乗用車ならトヨタはトヨタでシャシーとボディを作り、日産は日産でシャシーとボディを作る(最近はOEMなどもあるけれど……)。いや、当たり前のことを言って恐縮ですが、実はバスはその定義に当てはまらないことが多いんです。
つまりA社のボディをB社のシャシーにのせるなんてことが日常茶飯事でした(しかも型式は同じ)。数は減ってきたものの今でもその活躍を見ることができます。
それは地方にある中古路線バスが大半を占める事業者。親会社からの転属がメインの事業者もあるが、大半はその時に中古市場に流通している車両から導入する事業者も多いのです。
そうなると同じ型式でも違うボディを架装している車両が入ることがあり、マニア心をくすぐるんですなぁ……。
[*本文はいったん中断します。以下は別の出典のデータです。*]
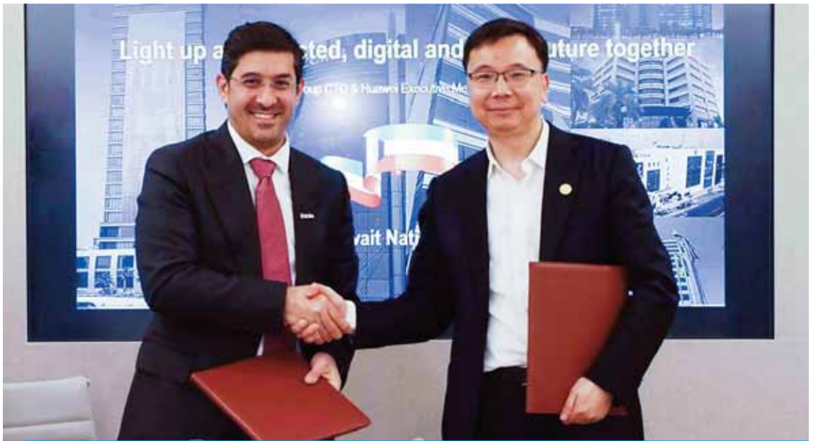
BARCELONA: After signing the memorandum of understanding.

Zain aims to empower marginalized and disadvantaged communities by providing digital transformation solutions to create social and financial value. This will be achieved by ensuring inclusive access to connectivity, IoT, digitalization of Zain's core products and services, and the development of digital verticals. In addition, Zain will work closely with Huawei to develop the application of new 5G services and intelligent networks to accelerate the digital transformation of the societies it serves.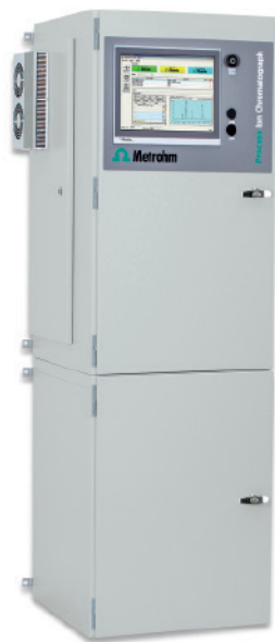
Process Ion Chromatograph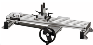
52110091 Mechanical calibration device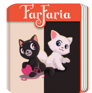
Sight Words: Opposites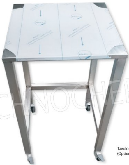
Tavolo di supporto su ruote (Optional)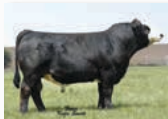
Eby/ADKS 5B Deacon - reference sire

10 Units Remington Lock N Load 54U X CNS Black Star T702 ASA# 2764838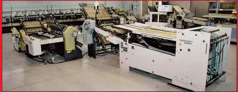
30" X 45.5" Heidelberg / Stahl USA Model BRD-30 Continuous Feed Folding Machine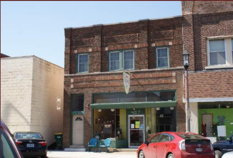
Stuessy Block, 407 2 nd Street, 1929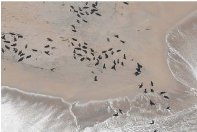
Terrain Category 1 — sandy beach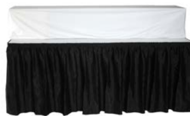
Table with Riser & Skirt

CANCELLATION POLICY: Table orders cancelled during or after show move in, including change order requests, will receive a 50% refund of original price.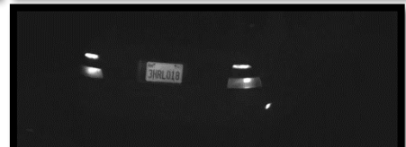
Suspect vehicle leaving Lafayette at 4:17 a.m. after the burglary.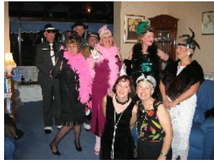
The Team "Mob" Conference 2005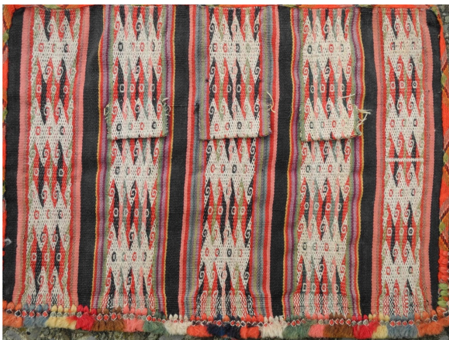
Figure 1. Kurti -design in a Kallawaya early twentieth century bag.

Before the zigzag-design called kurti (Qu.), meaning "those appointed by lightning" (Figure 1; Lara, 1978, p. 109; Wrigley, 1917, pp. 191-220) appeared in the naturopaths' clothing woven by their spouses on traditional horizontal looms, it had to be turned into a figure of memory in Assmann's sense (2000). The material quality of lightning had to be deliberated and transformed into a formal, a figurative language. Despite of the broad spectrum of zig-zag variations, this specific form called kurti is exclusively related to Kallawaya professionalism. Photographs dating to the mid-nineteenth century show bags with fine designs and ponchos with ikat stripes comparable to the kurti -design (Girault, 1969).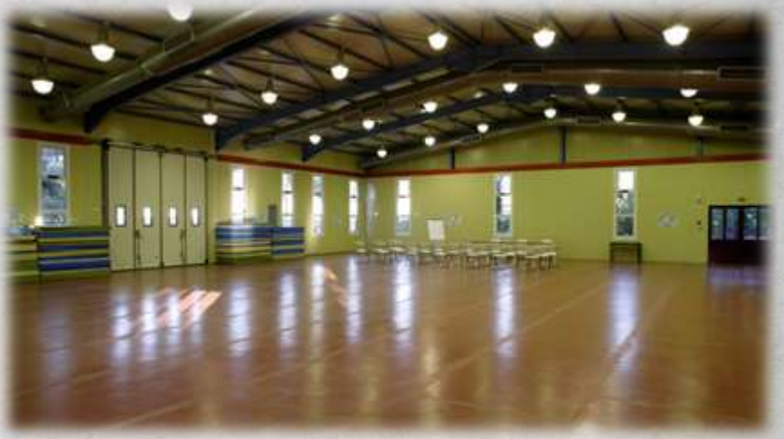
One (1) indoor hall of 550sqm for multiple use, mainly addressed to martial arts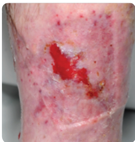
Figure 3. Mr W's ulcer at four weeks since referral.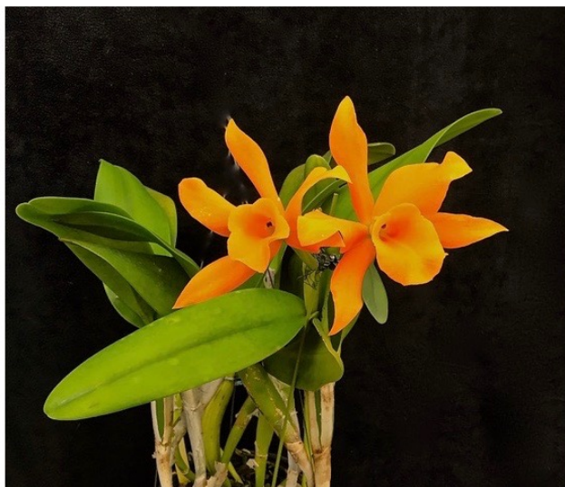
BLC Haw Yan Gold 'Y2K' x LC Daffodil 'Bees Wax'

長野県長野市を走るバスのケースを紹介します。
TEXT/PHOTO:■湯(バスマガ信越支局)
バスマガジンvol.80
【画像ギャラリー】超濃い目で型式紹介!! 同じ型式なのに違うボディのバスたち
今後は確実に減少していく、出生に事情(!?)があるバス
バスマニアならご存知だろうが、 地方事業者には必要台数を新車で賄うことが出来ず、中古バスの導入をすることは一般的である。
しかし流通する台数には限りがあり、それを多数の事業者で取り合う状況において、特定の車種だけを共通でそろえる事は非常に難しく、結果的にバラエティ豊かな車種構成になることも珍しくない。
特にバスは長年に渡り、シャシー製造メーカーとは別に、車体を製造するコーチビルダーが存在していた。
乗用車とは異なる、大型車特有の製造方法である。同じシャシーでもボディが違ったり、逆にボディが同じなのにシャシーが違う、といった現象は自然と起きる。
川崎車体(のちのいすゞバス製造)が日野シャシーに架装した車両も長野には存在していた。
現在はコーチビルダー専門メーカーがすべて撤退しており、特装などの二次架装を除き、ボディとシャシは一対である。
しかし中古車の場合は製造から10年ほど経過してから流通するため、まだ複数のコーチビルダーが存在していた時代の車両が流通しているわけだ。
とはいえこの状況もあと数年と思われる。北村製作所は1995年に撤退、富士重工は2003年に撤退し、最後まで残った西日本車体工業でも最終製造車出荷から時間が経過している。
中古バス市場は確実に純正ボディの流通が増えている。となると各地の珍車はぜひ記録しておきたいものだ。
ボディが違うということは部品が違ったり、各部の使い勝手も異なる。それもあって、新車で導入する事業者はなるべく車種だけでなくボディもそろえる。
中古で入れる事業者側には部品確保の面などでデメリットが生じるが、ファン目線ではその複雑さが魅力にもなる。
同じ型式なのに顔が違う、こんなバスをみつけるのもバスの楽しみ方のひとつではないだろうか。